If you run sessions that require participants to speak in turn — introductions, reports, presentations — be aware that participants in the "hot seat" are not fully present for the person before them. Strategies that help:

  • Randomise the order late. If participants don't know when their turn is coming, they cannot begin early rehearsal. Announce the speaking order as close to the moment of speaking as possible.
  • Use written notes. Asking people to jot down key points before speaking shifts the rehearsal from working memory to paper, freeing cognitive resources for listening.
  • Build in a buffer. A brief pause or transition between speakers gives the just-finished next-in-line person time to decompress and re-engage before the next round.
  • Ask follow-up questions. Requiring participants to comment on the previous speaker's contribution before launching into their own talk forces active encoding of what was just said.

For Participants

Recognising that you are in a cognitively compromised state when you are "on deck" is itself useful. If you know you will have poor recall for the speaker before you, you can take notes, ask them to repeat key points after you have spoken, or simply acknowledge the gap. It is not a character flaw — it is a predictable consequence of a system under anticipatory load.
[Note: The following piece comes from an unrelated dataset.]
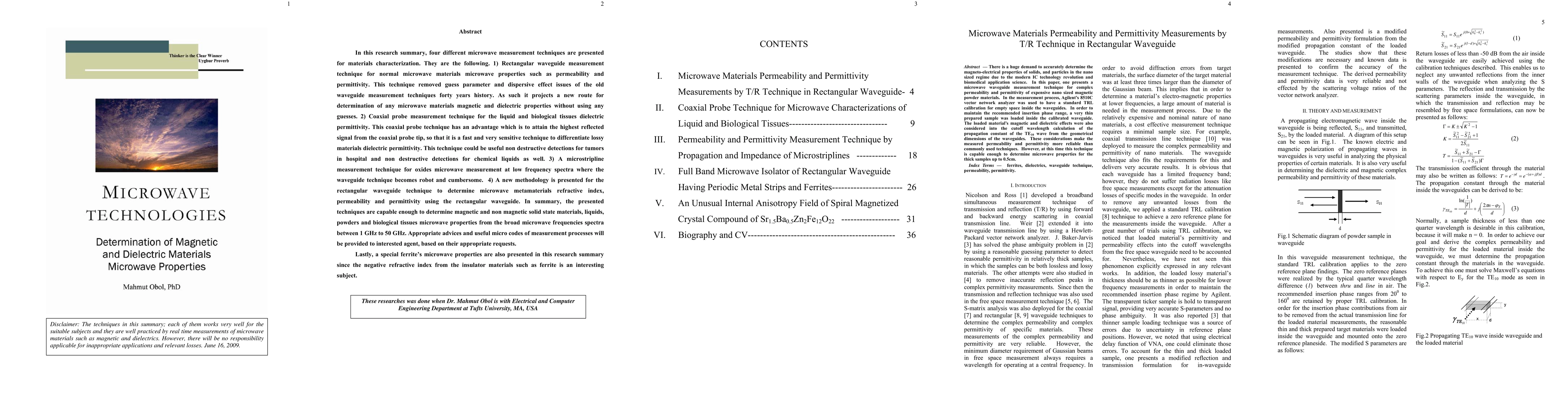 In this study, four different techniques are presented. 1 Rectangular waveguide measurement technique for normal microwave materials microwave properties such as permeability and permittivity. This technique removed guess parameter and dispersive effect issues of the old waveguide measurement techniques. It projects a new route for determination of any microwave materials magnetic and dielectric properties without using any guesses. 2 Coaxial probe measurement technique for the liquid and biological tissues dielectric permittivity. This coaxial probe technique has an advantage which is to attain the highest reflected signal from the coaxial probe tip, so that it is a fast and very sensitive technique to differentiate lossy materials dielectric permittivity. This technique could be useful non destructive detections for tumors in hospital and non destructive detections for chemical liquids as well. 3 A microstripline measurement technique for oxides microwave measurement at low frequency spectra where the waveguide technique becomes robot and cumbersome. 4 A new methodology is presented for the rectangular waveguide technique to determine microwave metamaterials refractive index, permeability and permittivity using the rectangular waveguide. In summary, the presented techniques are capable enough to determine magnetic and non magnetic solid state materials, liquids, powders and biological tissues microwave properties from the broad microwave frequencies spectra between 1 GHz to 50 GHz. Lastly, a special ferrites microwave properties are also presented since the negative refractive index from the insulator ferrite could be an interesting subject.
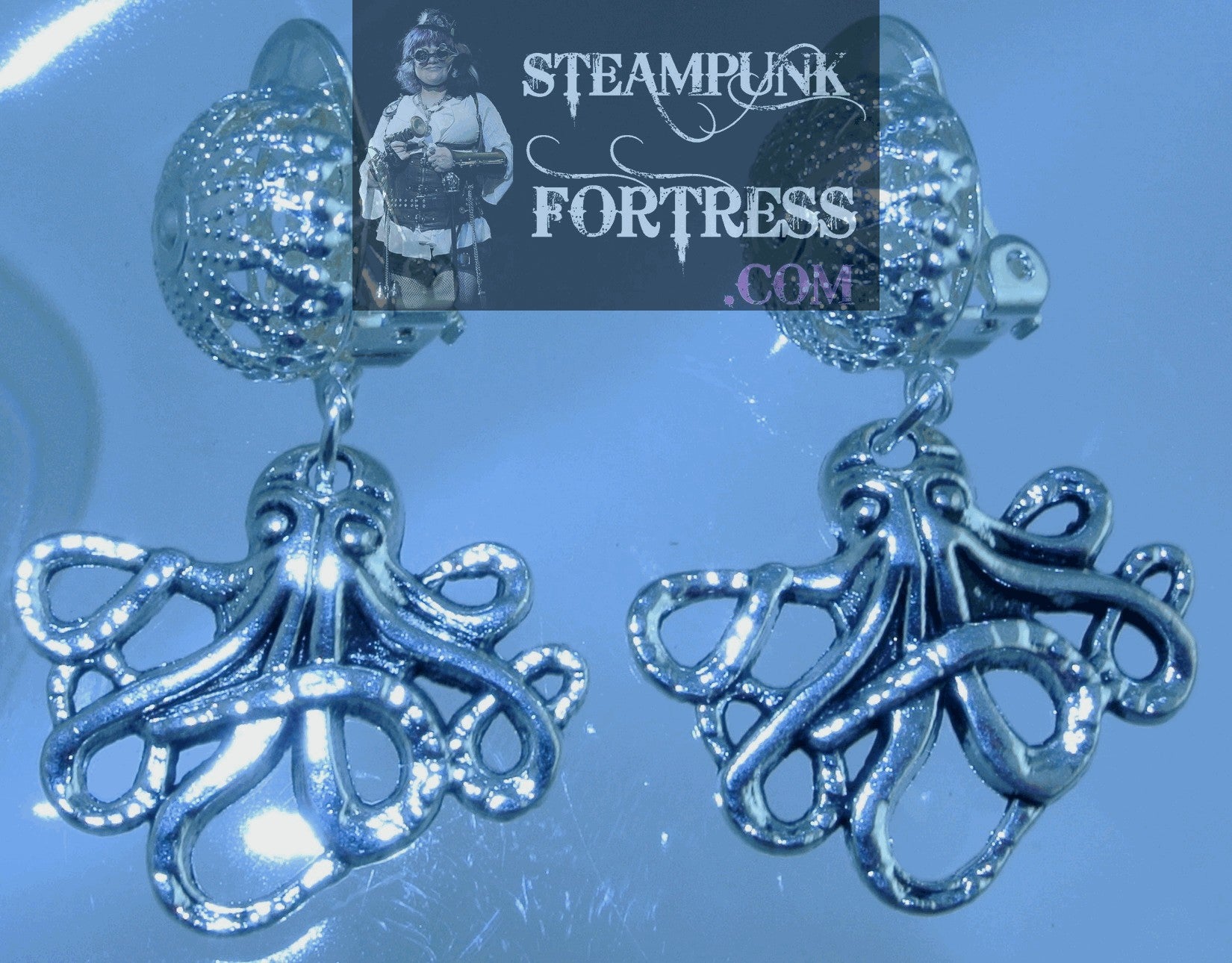 CLIPS SILVER OCTOPUS MEDIUM FILIGREE CLIP ON EARRINGS ARIEL UNDER THE SEA COSPLAY COSTUME HALLOWEEN STARR WILDE STEAMPUNK FORTRESS

Broader Context: When Self-Focus Costs Us

The next-in-line effect is a specific instance of a more general phenomenon: self-focused attention degrades performance on tasks that require outward engagement. In therapy contexts, excessive self-monitoring in social anxiety has been repeatedly identified as a mechanism that maintains — and worsens — social difficulties. Attention directed inward is attention not directed at the person you are supposed to be connecting with.

There is something almost ironic in the next-in-line effect: the very thing we worry about — how we come across to others — causes us to miss the cues that would help us interact with them more effectively. The anxiety about being perceived well makes us worse at perceiving others. And the person we miss most is the one who just preceded us — the most useful context for calibrating our own performance.

In groups, listening is an act. It requires resource allocation. The next-in-line effect is a reminder that those resources are finite, and that anxiety has first claim on them.

Sources & Further Reading

  • Brenner, M. "The Next-in-Line Effect." Journal of Verbal Learning and Verbal Behavior 12, no. 3 (1973): 320–323.
  • Bond, C. F., & Omar, A. S. "Social Anxiety and the Next-in-Line Effect." Journal of Nonverbal Behavior 14, no. 3 (1990): 189–197.
  • Deffenbacher, K. A., Platt, G. J., & Williams, M. A. "Differential Recall as a Function of Social Cues Present at Time of Encoding." Journal of Social Psychology 100 (1974): 255–265.
  • Clark, D. M., & Wells, A. "A Cognitive Model of Social Phobia." In R. G. Heimberg et al. (Eds.), Social Phobia: Diagnosis, Assessment, and Treatment. Guilford Press, 1995.